What you are asked to do
Go to the line in the entries below that holds "El resultado de" and repeat exactly from there through the line that holds "차콜 블랙 인테리어(그레이 헤드라이닝)", inclusive.

** Dataset content follows **

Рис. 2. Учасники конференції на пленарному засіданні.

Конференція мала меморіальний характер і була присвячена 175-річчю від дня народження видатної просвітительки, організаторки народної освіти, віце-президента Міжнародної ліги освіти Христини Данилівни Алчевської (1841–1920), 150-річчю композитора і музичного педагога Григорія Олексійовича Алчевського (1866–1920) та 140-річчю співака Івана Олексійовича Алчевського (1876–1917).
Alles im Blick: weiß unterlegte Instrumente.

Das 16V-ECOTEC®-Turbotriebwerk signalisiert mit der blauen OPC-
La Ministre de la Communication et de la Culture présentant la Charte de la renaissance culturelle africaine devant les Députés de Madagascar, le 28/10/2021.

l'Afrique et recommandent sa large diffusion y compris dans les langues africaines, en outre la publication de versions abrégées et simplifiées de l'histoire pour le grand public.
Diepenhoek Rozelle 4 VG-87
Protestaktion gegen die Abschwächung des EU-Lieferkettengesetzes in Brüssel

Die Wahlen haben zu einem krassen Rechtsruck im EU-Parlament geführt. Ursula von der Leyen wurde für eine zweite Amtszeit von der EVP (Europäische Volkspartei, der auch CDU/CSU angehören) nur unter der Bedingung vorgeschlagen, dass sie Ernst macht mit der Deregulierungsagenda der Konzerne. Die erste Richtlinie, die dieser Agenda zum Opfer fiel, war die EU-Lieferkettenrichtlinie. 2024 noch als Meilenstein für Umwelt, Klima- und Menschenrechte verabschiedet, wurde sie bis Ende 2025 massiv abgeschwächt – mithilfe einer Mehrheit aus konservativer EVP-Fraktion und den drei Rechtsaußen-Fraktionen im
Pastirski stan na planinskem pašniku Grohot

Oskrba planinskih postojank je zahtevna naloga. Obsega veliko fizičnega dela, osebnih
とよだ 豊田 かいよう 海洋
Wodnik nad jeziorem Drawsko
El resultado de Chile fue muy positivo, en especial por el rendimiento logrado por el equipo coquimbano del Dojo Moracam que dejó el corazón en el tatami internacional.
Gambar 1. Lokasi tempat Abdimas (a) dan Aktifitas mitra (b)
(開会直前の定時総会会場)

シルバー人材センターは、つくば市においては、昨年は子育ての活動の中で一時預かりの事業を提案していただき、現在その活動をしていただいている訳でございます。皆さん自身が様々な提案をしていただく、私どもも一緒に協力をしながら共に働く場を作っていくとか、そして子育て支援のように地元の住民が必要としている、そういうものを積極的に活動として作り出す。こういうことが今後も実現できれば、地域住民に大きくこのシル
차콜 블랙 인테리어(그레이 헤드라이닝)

** End of Dataset content **
** Dataset content follows **

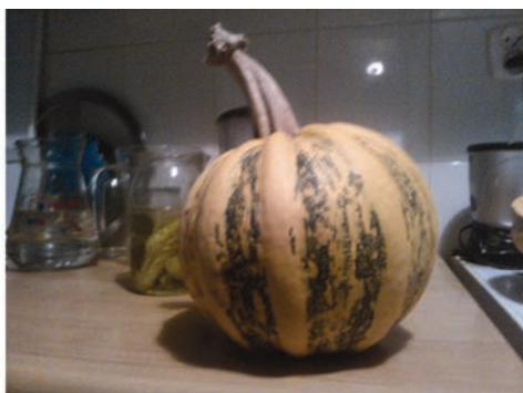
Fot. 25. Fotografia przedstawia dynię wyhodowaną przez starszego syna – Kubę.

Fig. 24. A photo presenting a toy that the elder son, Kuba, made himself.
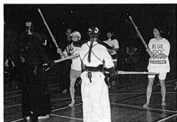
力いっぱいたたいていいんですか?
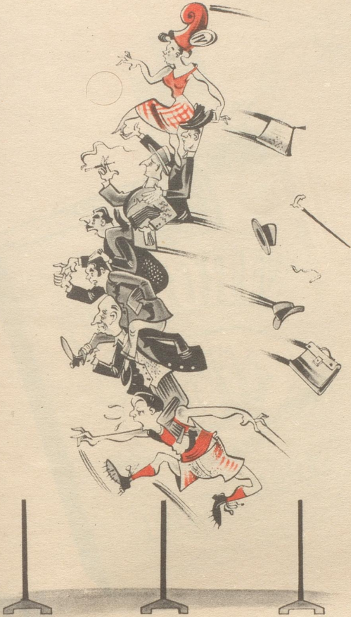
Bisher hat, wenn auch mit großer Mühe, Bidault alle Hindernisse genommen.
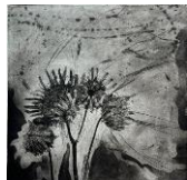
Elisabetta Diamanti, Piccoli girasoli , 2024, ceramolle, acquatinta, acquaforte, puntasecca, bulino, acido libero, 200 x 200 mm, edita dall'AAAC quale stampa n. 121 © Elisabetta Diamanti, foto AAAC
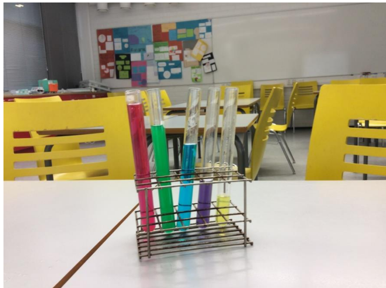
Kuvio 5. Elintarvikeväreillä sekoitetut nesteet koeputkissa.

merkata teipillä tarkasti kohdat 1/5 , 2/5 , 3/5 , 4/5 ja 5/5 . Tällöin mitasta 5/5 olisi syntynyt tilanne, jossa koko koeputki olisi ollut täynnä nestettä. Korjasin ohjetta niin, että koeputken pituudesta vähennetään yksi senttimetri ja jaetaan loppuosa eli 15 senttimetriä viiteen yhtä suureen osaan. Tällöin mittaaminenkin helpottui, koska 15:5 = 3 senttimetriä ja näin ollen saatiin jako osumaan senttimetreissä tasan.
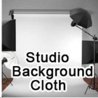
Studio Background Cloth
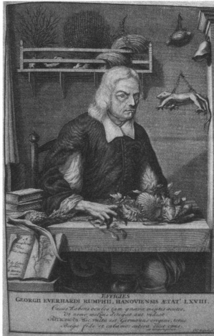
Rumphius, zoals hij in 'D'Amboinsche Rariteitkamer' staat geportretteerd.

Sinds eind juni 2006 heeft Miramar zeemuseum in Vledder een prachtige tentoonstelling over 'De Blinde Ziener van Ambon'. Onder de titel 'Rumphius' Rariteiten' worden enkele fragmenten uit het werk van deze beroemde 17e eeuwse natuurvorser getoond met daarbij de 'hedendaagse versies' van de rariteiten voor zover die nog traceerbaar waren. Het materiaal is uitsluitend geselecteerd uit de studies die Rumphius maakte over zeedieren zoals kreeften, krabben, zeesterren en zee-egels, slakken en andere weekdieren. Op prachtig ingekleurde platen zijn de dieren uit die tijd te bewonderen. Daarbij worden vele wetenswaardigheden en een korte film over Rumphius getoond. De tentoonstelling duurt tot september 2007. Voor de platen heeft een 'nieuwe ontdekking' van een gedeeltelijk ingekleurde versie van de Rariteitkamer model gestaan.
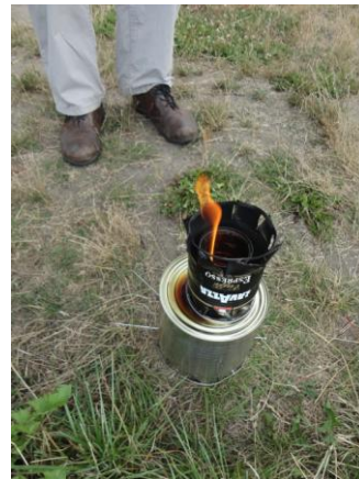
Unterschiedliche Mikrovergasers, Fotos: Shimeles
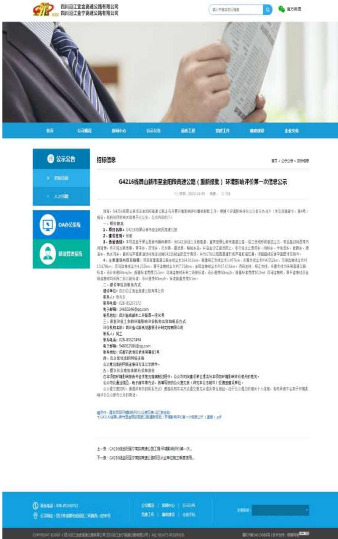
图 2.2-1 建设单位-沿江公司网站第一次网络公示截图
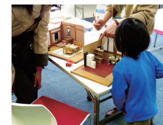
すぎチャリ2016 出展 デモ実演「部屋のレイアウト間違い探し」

** End of Dataset content **

Answer below
El resultado de Chile fue muy positivo, en especial por el rendimiento logrado por el equipo coquimbano del Dojo Moracam que dejó el corazón en el tatami internacional.
Gambar 1. Lokasi tempat Abdimas (a) dan Aktifitas mitra (b)
(開会直前の定時総会会場)

シルバー人材センターは、つくば市においては、昨年は子育ての活動の中で一時預かりの事業を提案していただき、現在その活動をしていただいている訳でございます。皆さん自身が様々な提案をしていただく、私どもも一緒に協力をしながら共に働く場を作っていくとか、そして子育て支援のように地元の住民が必要としている、そういうものを積極的に活動として作り出す。こういうことが今後も実現できれば、地域住民に大きくこのシル
차콜 블랙 인테리어(그레이 헤드라이닝)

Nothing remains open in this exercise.